Tyler's voice broke slightly again: "That STRIKE! Rising, curling, bending into the top corner with Howard at full stretch unable to reach it! The technique, the improvisation, the sheer audacity of it all in the ninety-second minute of a goalless derby!

I have been commentating on football for over thirty years. I have witnessed extraordinary moments in remarkable matches. But what Julien just produced—single-handedly beating three defenders and curling a shot into the top corner in injury time to win a Merseyside Derby—ranks among the most breathtaking moments I have ever had the privilege of describing.

THIS IS ANFIELD and ANFIELD IS ERUPTING!"

Red flags erupted across the stadium. Fans who'd been sitting in resigned acceptance moments earlier were now on their feet, jumping, screaming, embracing.

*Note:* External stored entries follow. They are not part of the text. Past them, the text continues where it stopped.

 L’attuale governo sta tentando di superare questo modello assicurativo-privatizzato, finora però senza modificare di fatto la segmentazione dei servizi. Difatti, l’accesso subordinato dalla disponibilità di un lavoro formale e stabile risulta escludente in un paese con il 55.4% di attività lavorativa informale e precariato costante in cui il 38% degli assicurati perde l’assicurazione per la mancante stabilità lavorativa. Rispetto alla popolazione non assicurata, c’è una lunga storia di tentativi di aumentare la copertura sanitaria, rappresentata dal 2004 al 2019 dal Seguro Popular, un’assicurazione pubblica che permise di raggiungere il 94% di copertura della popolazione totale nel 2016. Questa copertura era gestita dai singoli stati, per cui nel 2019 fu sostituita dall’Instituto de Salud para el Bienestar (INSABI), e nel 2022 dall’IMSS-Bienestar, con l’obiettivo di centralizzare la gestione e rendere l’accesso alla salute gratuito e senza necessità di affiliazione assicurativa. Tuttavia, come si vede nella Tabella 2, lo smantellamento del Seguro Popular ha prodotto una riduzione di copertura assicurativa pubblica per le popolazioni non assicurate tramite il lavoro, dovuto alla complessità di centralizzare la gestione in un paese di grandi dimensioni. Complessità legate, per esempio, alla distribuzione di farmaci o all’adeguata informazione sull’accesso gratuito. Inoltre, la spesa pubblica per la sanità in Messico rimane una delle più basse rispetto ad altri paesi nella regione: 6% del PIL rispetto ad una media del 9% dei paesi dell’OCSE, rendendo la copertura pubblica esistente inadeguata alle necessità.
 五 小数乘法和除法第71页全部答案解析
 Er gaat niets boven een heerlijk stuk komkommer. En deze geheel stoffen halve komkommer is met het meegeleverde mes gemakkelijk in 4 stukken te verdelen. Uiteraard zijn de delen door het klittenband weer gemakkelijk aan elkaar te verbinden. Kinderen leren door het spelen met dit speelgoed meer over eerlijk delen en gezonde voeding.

The Kop became a single unit of joy. Songs erupted spontaneously without needing to be started, the melodies were pouring from thousands of throats simultaneously, YNWA and half a dozen others weaved together into a chours of sound.

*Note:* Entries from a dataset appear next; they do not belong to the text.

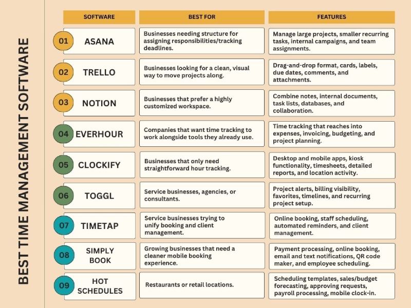 - If you run a growing service business, the best time management software for you might be Asana and TimeTap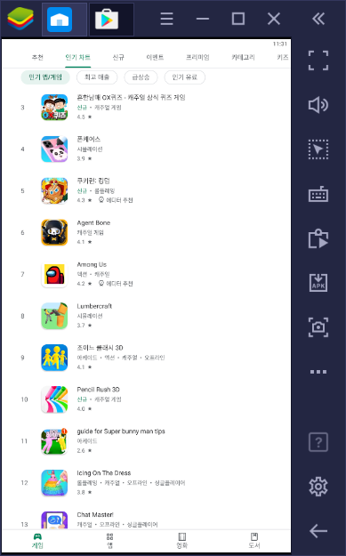 현재 앱플레이어는 블루스택, 녹스 등 여러 종류가 나와 있습니다.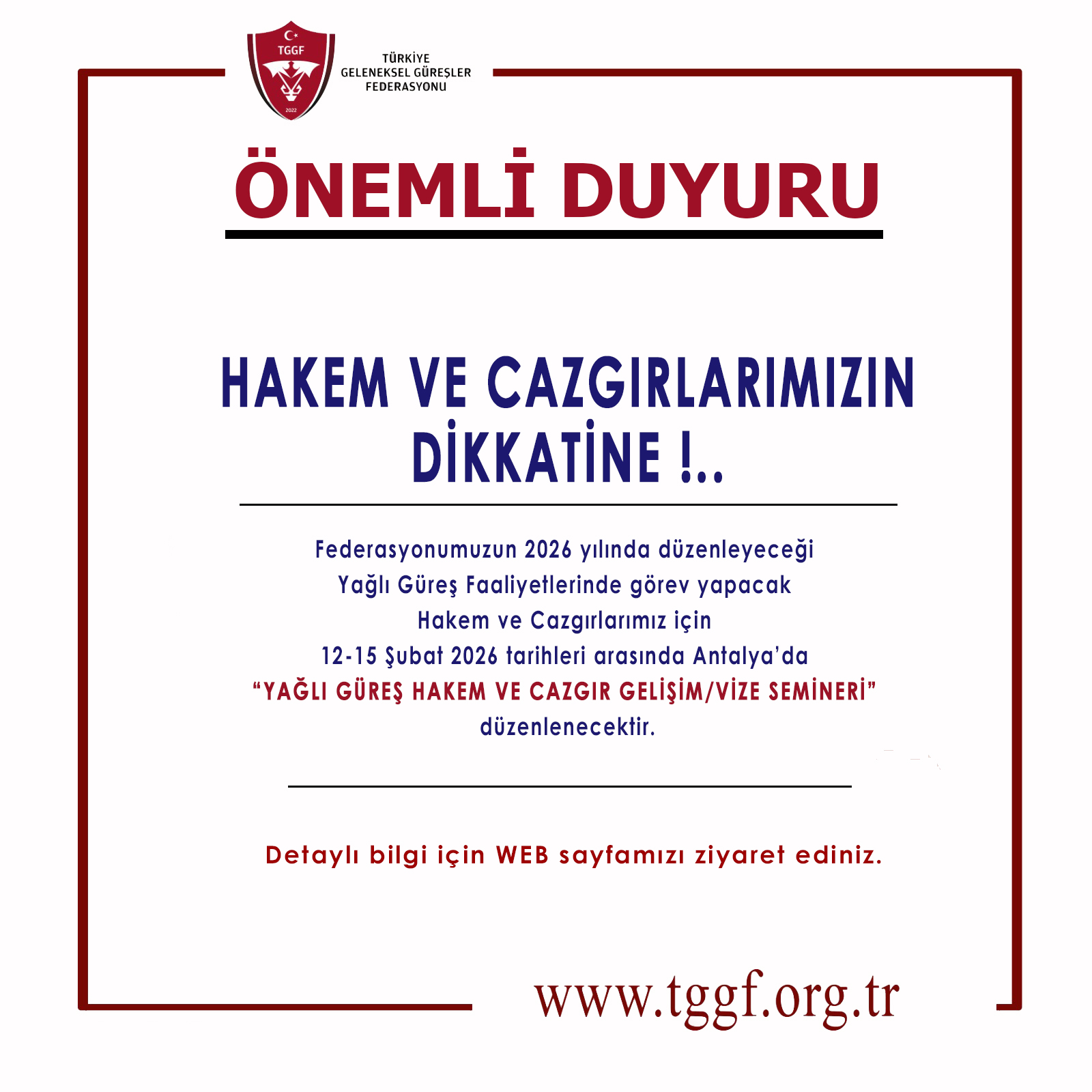 Federasyonumuzun 2026 yılında düzenleyeceği Yağlı Güreş Faaliyetlerinde görev yapacak hakem ve cazgırlarımız için 12-15 Şubat 2026 tarihleri arasında Antalya’da “YAĞLI GÜREŞ HAKEM VE CAZGIR GELİŞİM VE VİZE SEMİNERİ” düzenlenecektir.
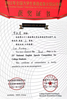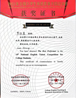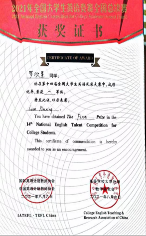 此外,我校入围总决赛的罗欣星同学在田甜老师的指导下表现也很优秀,荣获“第十四届全国大学生英语风采大赛”一等奖和最佳个人表演奖,她在“第二十一届全国大学生英语演讲比赛”和“第二十一届全国大学生英语辩论赛”中分获三等奖!取得不俗成绩。
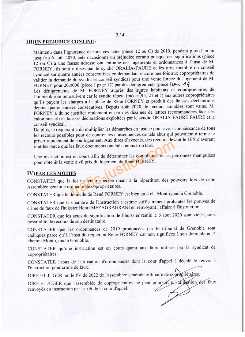 Maintenu dans l'ignorance de tous ces actes (pièce 12 ou C) de 2019, pendant plus d'un an jusqu'au 6 août 2020, cela occasionne un préjudice certain puisque ces significations (pièce 12 ou C) à une fausse adresse ont entrainé des jugements et ordonnances à l'insu de M. FORNEY, ils sont utilisés par le syndic ORALIA-FAURE et les trois membre du conseil syndical sur quatre années consécutives en demandant encore une fois aux copropriétaires de valider la demande du syndic et conseil syndical pour une vente forcée du logement de M. FORNEY pour 20.000€ (pièce J page 12) par des dénigrements (pièce J).
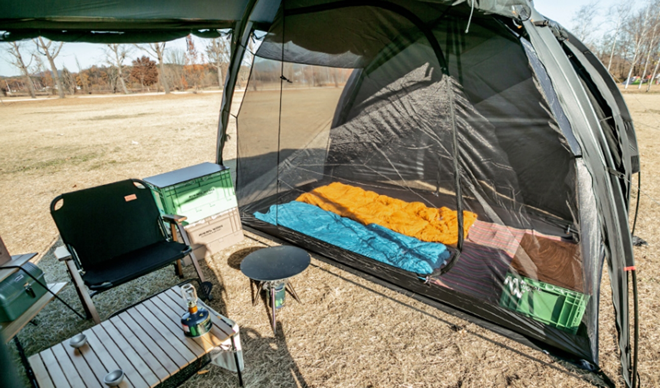 ตัว Shelter มาพร้อมมุงตาข่ายรอบตัวมาให้ Shelter สามารถกางออกได้หลายรูปแบบ เพื่อเพิ่มพื้นที่การใช้งาน สามารถใส่ Inner (จำหน่ายแยก) หรือ Ground sheet ได้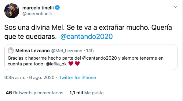 Luego, cuando Melina publicó un mensaje agradeciendo su participación en el certamen, Marcelo le respondió con afecto: “Sos una divina, Mel. Se te va a extrañar mucho. Quería que te quedaras”.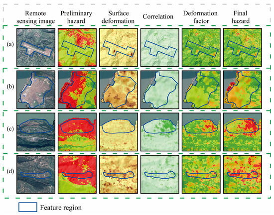 Comparison of preliminary hazard, surface deformation and final landslide hazard. The (a–d) represent four different typical regions.

"JULIEN! JULIEN! JULIEN! JULIEN!"

The name thundered around the stadium in rhythmic chanting.

In the executive boxes, Abdullah leaped to his feet with an explosive movement entirely uncharacteristic of his usual composed demeanour.

His fists punched the air repeatedly, his face was transformed by pure exhilaration. He turned to embrace Dein, both men were gripping each other's shoulders in ecstasy.

Julien ran.

He spread his arms wide like wings catching an updraft, sprinting toward the corner flag.

He reached the corner flag and didn't stop.

In one smooth run, he planted his right foot and leaped, grabbing the advertising hoarding surrounding the pitch boundary and pulled himself up until he stood high above the pitch, arms spread wide, face tilted slightly up, accepting the worship of forty thousand people who were losing their minds below him.

The image was iconic—Julien standing above the crowd with his arms extended, the red wave was surging beneath him, the stadium's lights were illuminating him against the dark English winter sky.

In that moment, he was Anfield's king.

The celebration lasted about five seconds before teammates arrived and hauled him down from his perch, the crowd of red shirts surrounding him were so densely that he almost disappeared.

Gerrard seized him first, thumping his back again and again.

"YOU ABSOLUTE MADMAN!" Gerrard's voice was hoarse with emotion as he held Julien and shook him simultaneously. "I've been here twenty years and that's one of the best goals I've ever seen! You insane, beautiful lad!"

Suárez bounded over with intensity, catching Julien's eye before landing a gentle punch on his chest, "That was ART, my friend! Pure art! How does someone do that in injury time of a derby? Tell me—how?"

De Bruyne wrapped an arm around Julien's neck.

Van Dijk, Kanté, Coutinho, Piszczek, Mignolet—they all joined in a red mass of celebrating, hands patting backs, voices shouting over each other, the accumulated tension of ninety-plus frustrating minutes released in one explosion of relief and joy.